Saturday, September 17, 2016

Coded for Life

It's math of the newest kind. 212 is equal to 646. Sometimes it can be also be equal to 917. And all three will be equal to 332, but only starting in 2017. But we're not talking your regular addition and subtraction, nor some esoteric quantum branch of mathematics practiced by a bunch of geeks with slide-rule tie clips. We're talking about simple multiplication, as in how to double the number of phone numbers available in a given area.  

It's all part of the evolving master design that is the North American Numbering Plan or NANP. Created in the 1940's as a way of taming the unruly growth of the various parts of the Bell System, it divided the country into 86 Numbering Plan Areas, or NPAs, each of which were given an area code. Originally used by operators to connect to different central stations, the system evolved to make it usable for consumers. That was first demonstrated on November 10, 1951, when Mayor M. Leslie Denning of Englewood NJ dialed 10 digits, and 18 seconds later, Mayor Frank Osborne of Alameda CA answered the phone. According to the Associated Press, they talked about the marvel of it all and the weather, with Mayor Osborne closing the call by asking a question about which many on the west coast wondered: "Is it true the people in New Jersey ride mosquitoes the same as we ride horses out here?" Amid laughter, the reports said that Denning replied that he "hadn't been bitten in years."

All was well and good for more than 40 years. But then it started to get a little cozy at the inn. The growth in landlines, fax machines, computer modems and those new-fangled mobile phones started to crowd the system. And there's comes a time when you can no longer just add "1" to get a new number. And so in 1995, Alabama, a state not normally associated with hi tech, became ground zero in the telecommunications revolution. A new confederacy was started, when the southern half of the state withdrew from the north, or to be more accurate, was withdrawn.

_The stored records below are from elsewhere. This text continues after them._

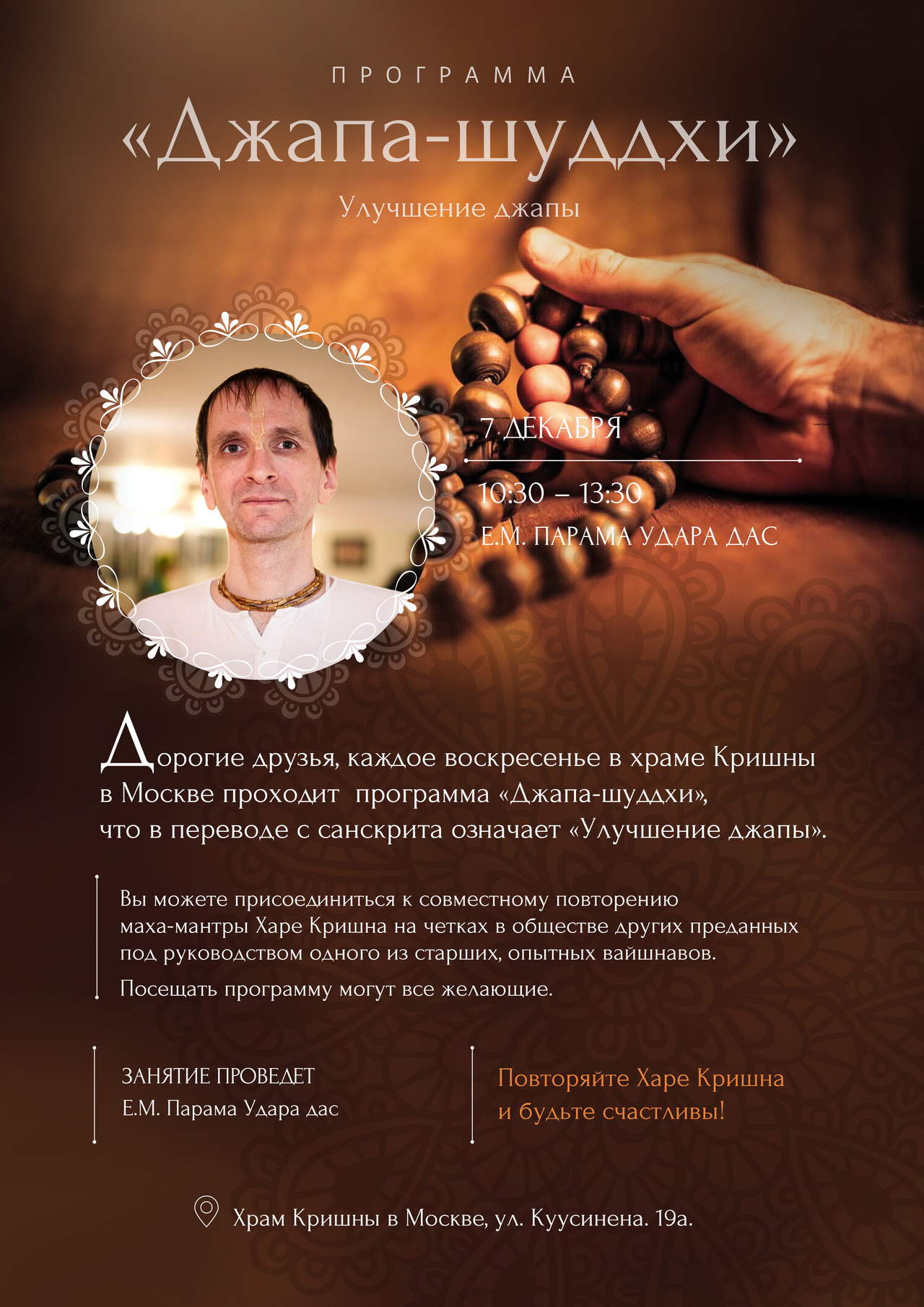 | 💥 Харе Кришна! Дорогие вайшнавы, приглашаем вас на воскресное занятие по улучшению джапы "Джапа-шуддхи", которое состоится 7 декабря с 10:30 до 13:30.
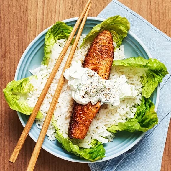 Tandooristekt lax med myntayoghurt
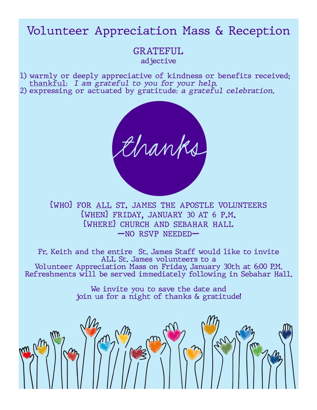 Fr. Keith and the entire St. James Staff would like to invite ALL St. James volunteers to a Volunteer Appreciation Mass on Friday, January 30th at 6:00 P.M. Refreshments will be served immediately following in Sebahar Hall.
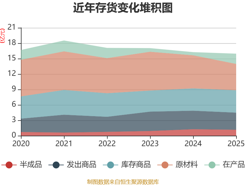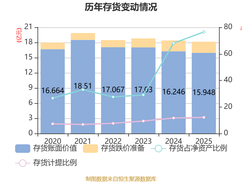从存货变动来看,截至2025年末,公司存货账面价值为15.95亿元,占净资产的76.51%,较上年末减少2975.37万元。其中,存货跌价准备为2.2亿元,计提比例为12.12%。
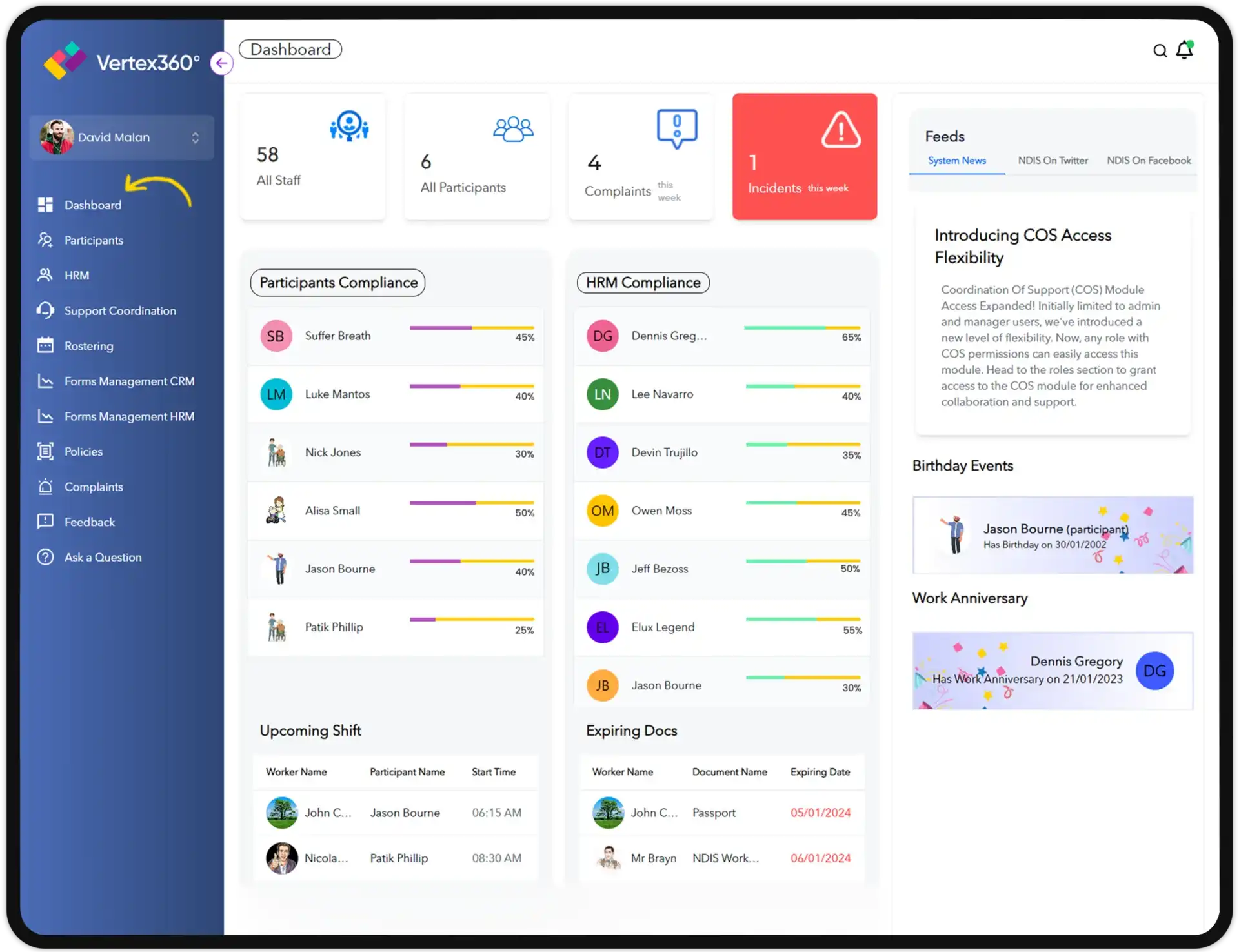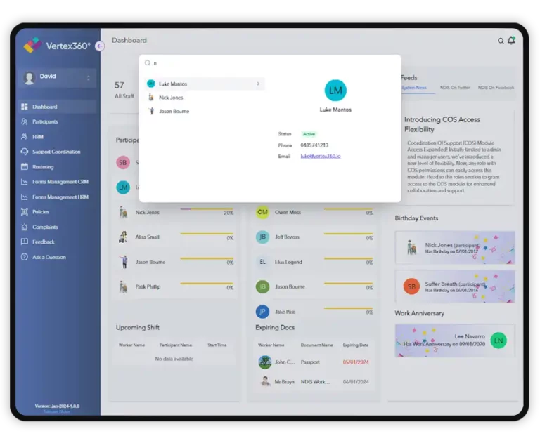 Vertex360 Worker Management System is a comprehensive system that helps you to manage your workers effectively. Our NDIS Management Software includes a variety of features that allow you to track your workers’ performance, schedule shifts, and more. The system allows service providers to assign participants so that they align perfectly with their individual needs and stay compliant.
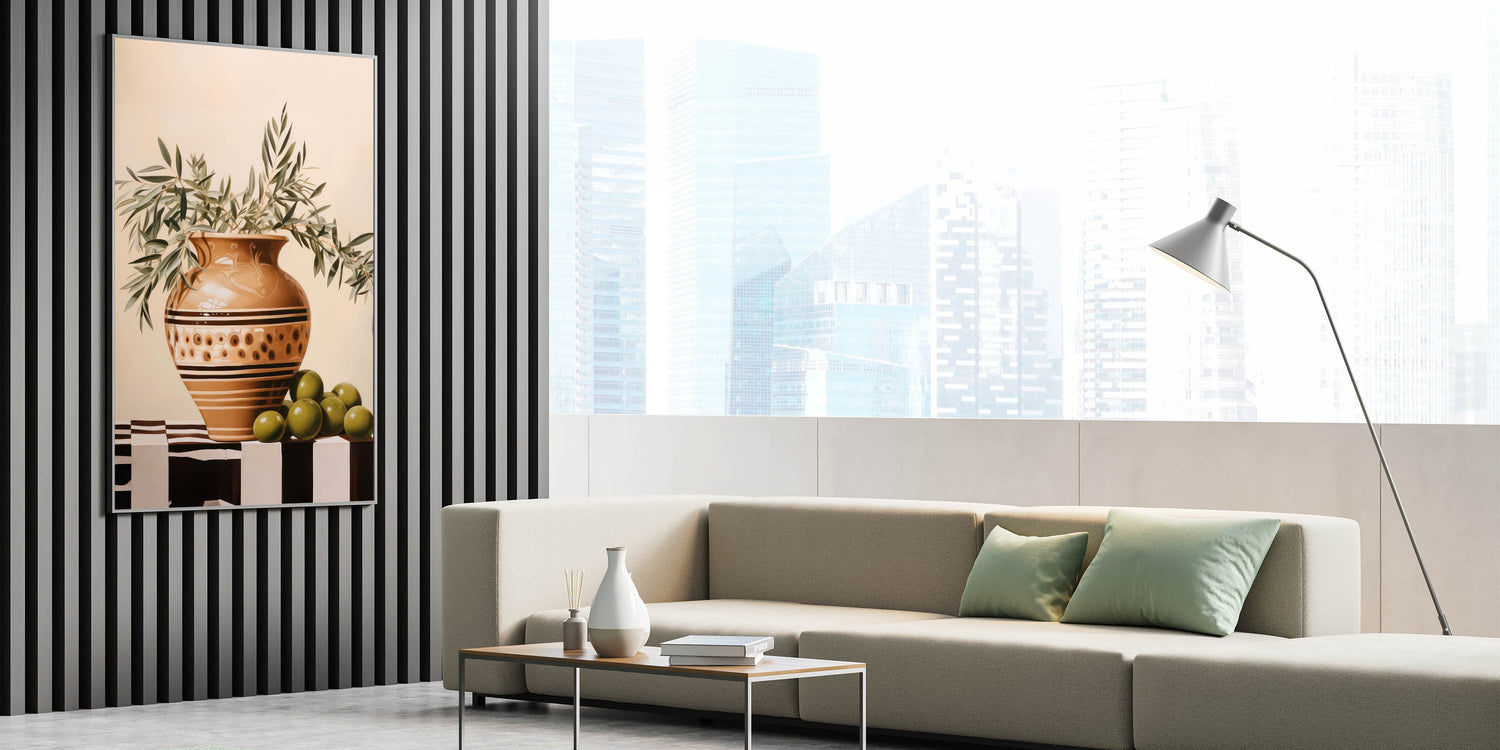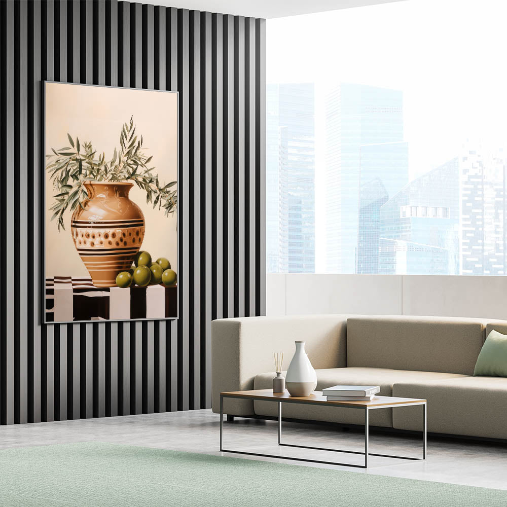 Maximalist Wall Art - Bold Still Life with Olive Vase - Vibrant Decor Piece
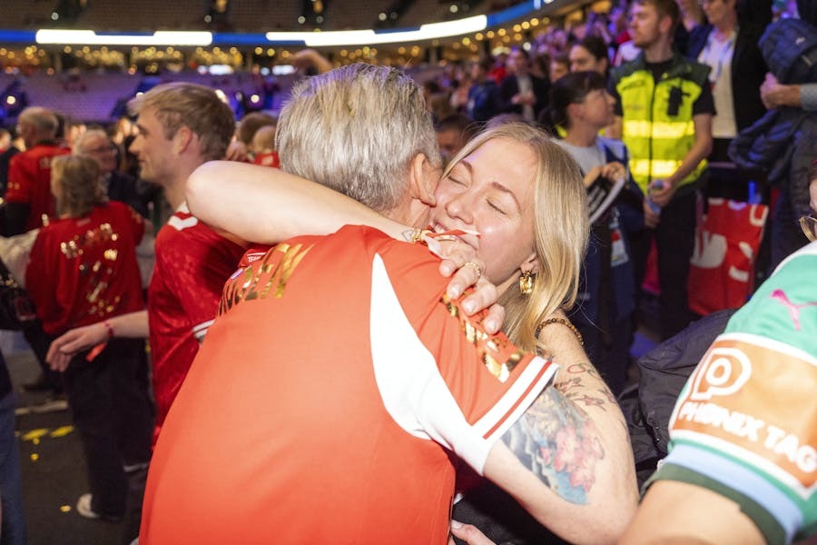 Jublen rullede som torden gennem Boxen Herning, da de danske håndboldherrer søndag aften sikrede sig EM-guldet. Spillere, stab og familier flød sammen på gulvet i et kaotisk, lykkeligt øjeblik, hvor kram og kys fløj i alle retninger.

And where before all Crimson Tiders lived together harmoniously in 205, now half lived in area code 205 and half lived in 334.

As the need picked up, the pace picked up. Texas and Washington, Florida and Massachusetts all divided like so many amoebas. In New Jersey alone, there were three splits in two years. In 1997 the folks in New Brunswick, Rahway and the Jersey shore jumped their 908 ship for 732, while the 201's of Newark, Paterson and Morristown decamped for 973. And in 1999, some 609'ers set up shop as the 856's of Camden and Vineland.  

Realizing their had to be a better way than making people reprint their business cards over and over, a different approach was tried. A new area code could be overlaid on top of an old, allowing those original homesteaders to keep their numbers, while the new kids on the block would get a different address. That did mean that whereas before neighbors in a given area code could skip dialing those first three digits, overlaying necessitated "mandatory 10 digit dialing." You should send a "thank you" note to Silver Spring, Frederick and Cumberland Maryland residents for being the first to attempt this technological sleight-of-hand.

And that's where we are today. Add in the provision in the Telecommunications Act of 1996 which allows you to take that 10-digit number to whatever company you choose, plus the fact that most new lines today are of the mobile variety, and you have a situation where you are area coded for life. Wherever you go, whatever mobile plan you sign up for, that number will work. You can have 914 if you move to Chicago, or 917 if you set up shop on LA. And while it might confuse the people you talk to, the system is designed to make it all work seamlessly.

Funny how we are told to safeguard so many numbers: social security, bank account, credit card. Yet at the same time we freely give out our phone numbers, when those are becoming the one clue that reliably tells people our origin. Yours is 732? A Jersey Boy at heart. You a 669? You're a Silicon Valley girl. It could put the NSA out of business.